━━━ SOURCE DATA ━━━

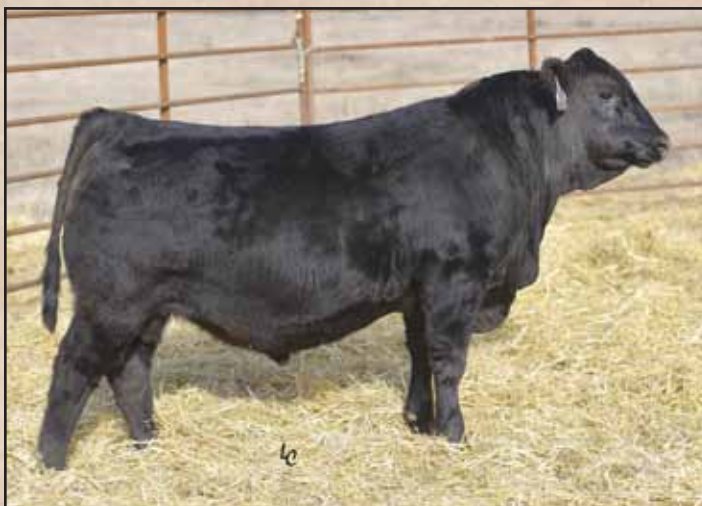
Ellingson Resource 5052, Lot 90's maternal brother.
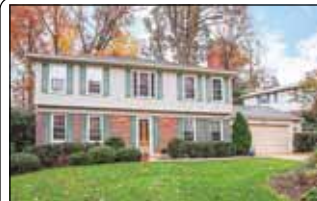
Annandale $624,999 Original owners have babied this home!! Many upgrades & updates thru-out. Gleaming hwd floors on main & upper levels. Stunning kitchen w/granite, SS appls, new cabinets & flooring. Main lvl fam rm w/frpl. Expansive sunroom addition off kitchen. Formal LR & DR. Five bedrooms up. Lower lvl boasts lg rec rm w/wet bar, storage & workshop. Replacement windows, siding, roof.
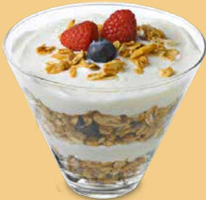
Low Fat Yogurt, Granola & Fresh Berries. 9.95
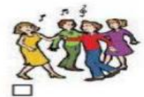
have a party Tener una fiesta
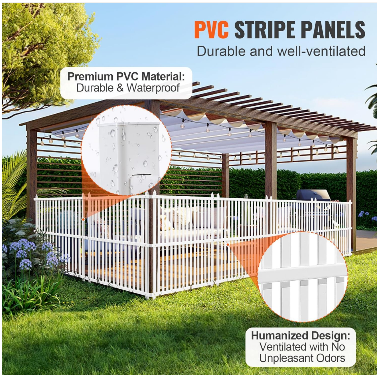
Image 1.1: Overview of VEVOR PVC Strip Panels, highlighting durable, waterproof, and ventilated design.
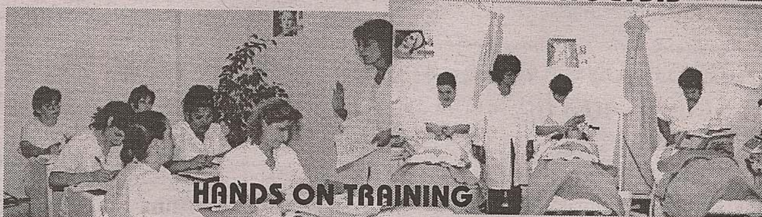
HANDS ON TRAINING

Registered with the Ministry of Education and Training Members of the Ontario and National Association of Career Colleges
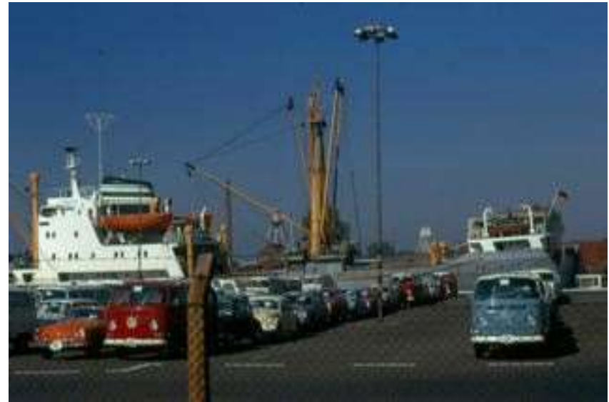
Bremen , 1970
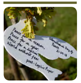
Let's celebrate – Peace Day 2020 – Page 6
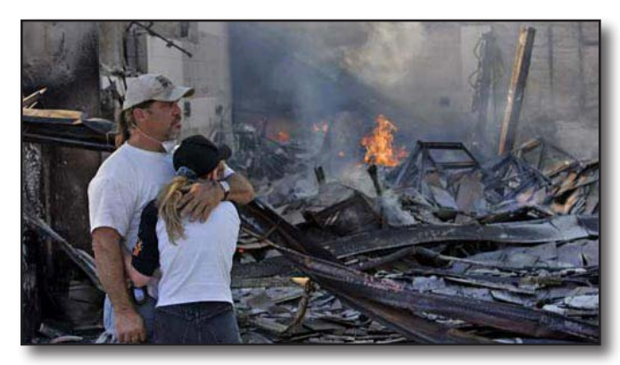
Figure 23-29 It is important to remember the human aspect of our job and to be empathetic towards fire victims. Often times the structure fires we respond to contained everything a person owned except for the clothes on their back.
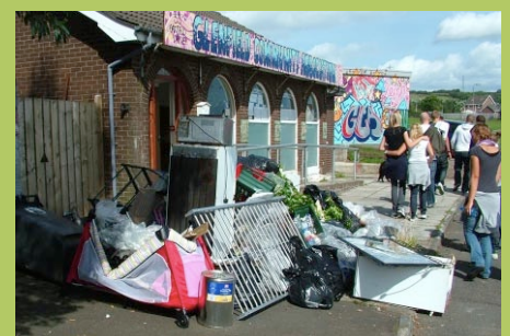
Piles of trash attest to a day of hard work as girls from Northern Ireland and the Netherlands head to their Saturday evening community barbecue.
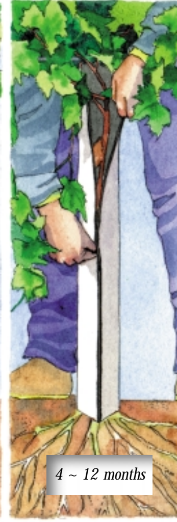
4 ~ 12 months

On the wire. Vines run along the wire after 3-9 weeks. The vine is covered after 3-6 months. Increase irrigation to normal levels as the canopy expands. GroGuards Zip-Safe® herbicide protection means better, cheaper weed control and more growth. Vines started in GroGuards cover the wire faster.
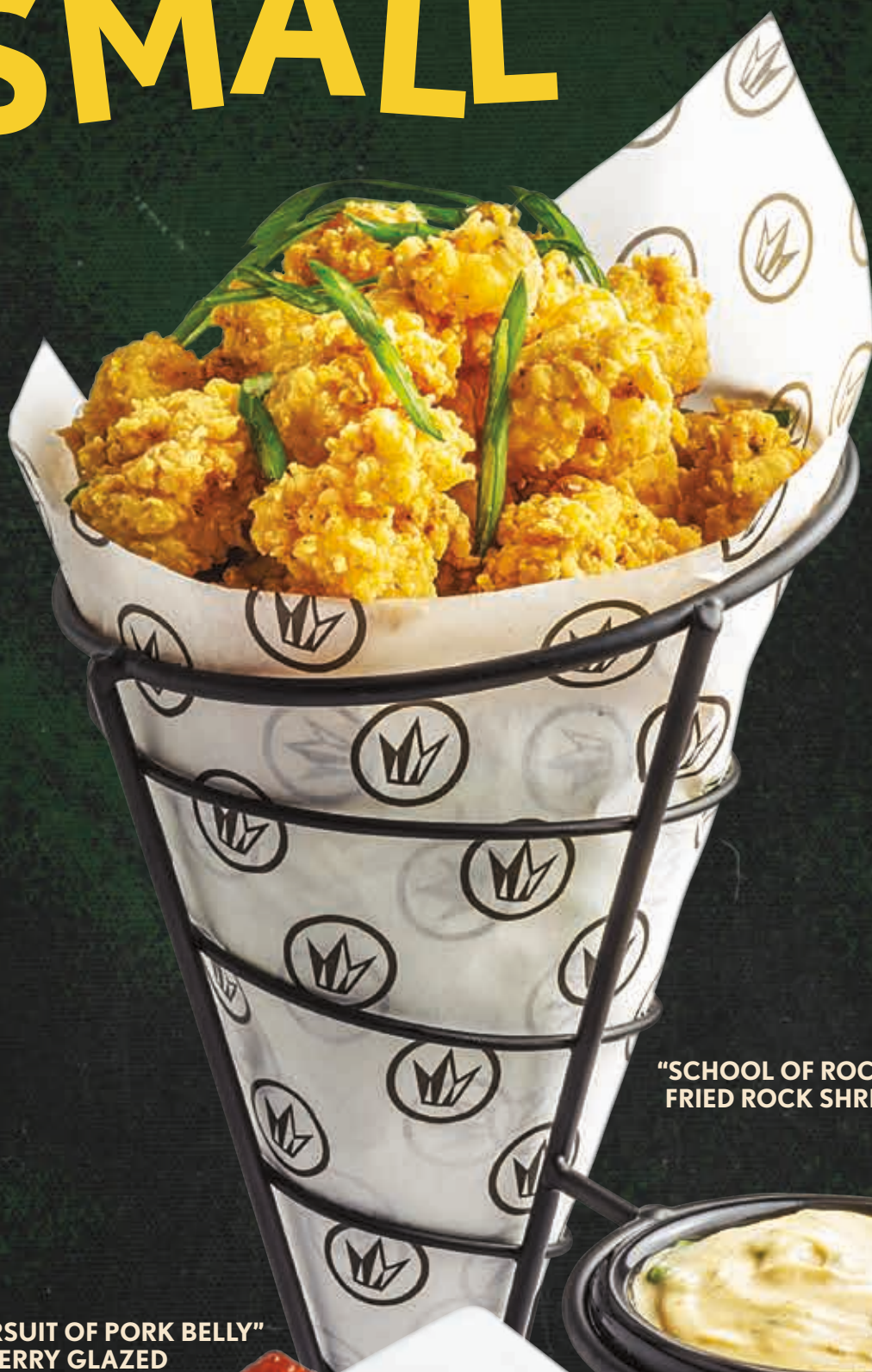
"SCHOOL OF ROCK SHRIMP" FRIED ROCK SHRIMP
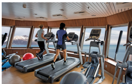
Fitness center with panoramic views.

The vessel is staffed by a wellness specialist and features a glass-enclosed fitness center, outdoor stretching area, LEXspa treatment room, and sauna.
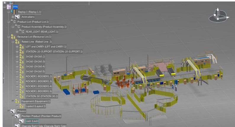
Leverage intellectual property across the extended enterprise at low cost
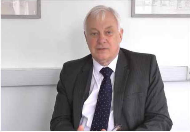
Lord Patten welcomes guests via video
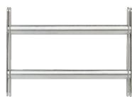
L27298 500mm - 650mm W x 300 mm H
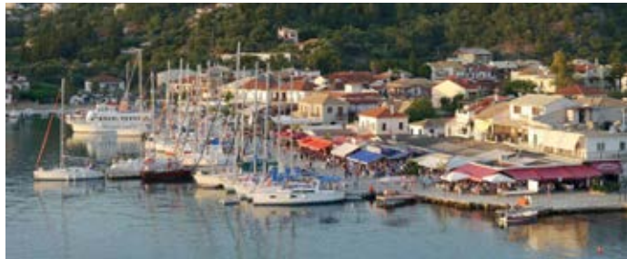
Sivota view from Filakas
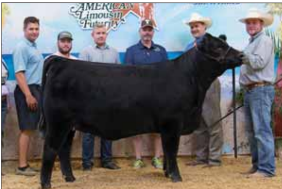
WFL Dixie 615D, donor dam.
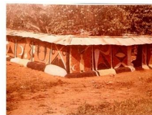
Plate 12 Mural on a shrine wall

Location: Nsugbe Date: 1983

━━━

→ **ACTIVITY**: Copy each line above where the string "months" occurs.

→ **PROBLEM SOLUTION**:
4 ~ 12 months
On the wire. Vines run along the wire after 3-9 weeks. The vine is covered after 3-6 months. Increase irrigation to normal levels as the canopy expands. GroGuards Zip-Safe® herbicide protection means better, cheaper weed control and more growth. Vines started in GroGuards cover the wire faster.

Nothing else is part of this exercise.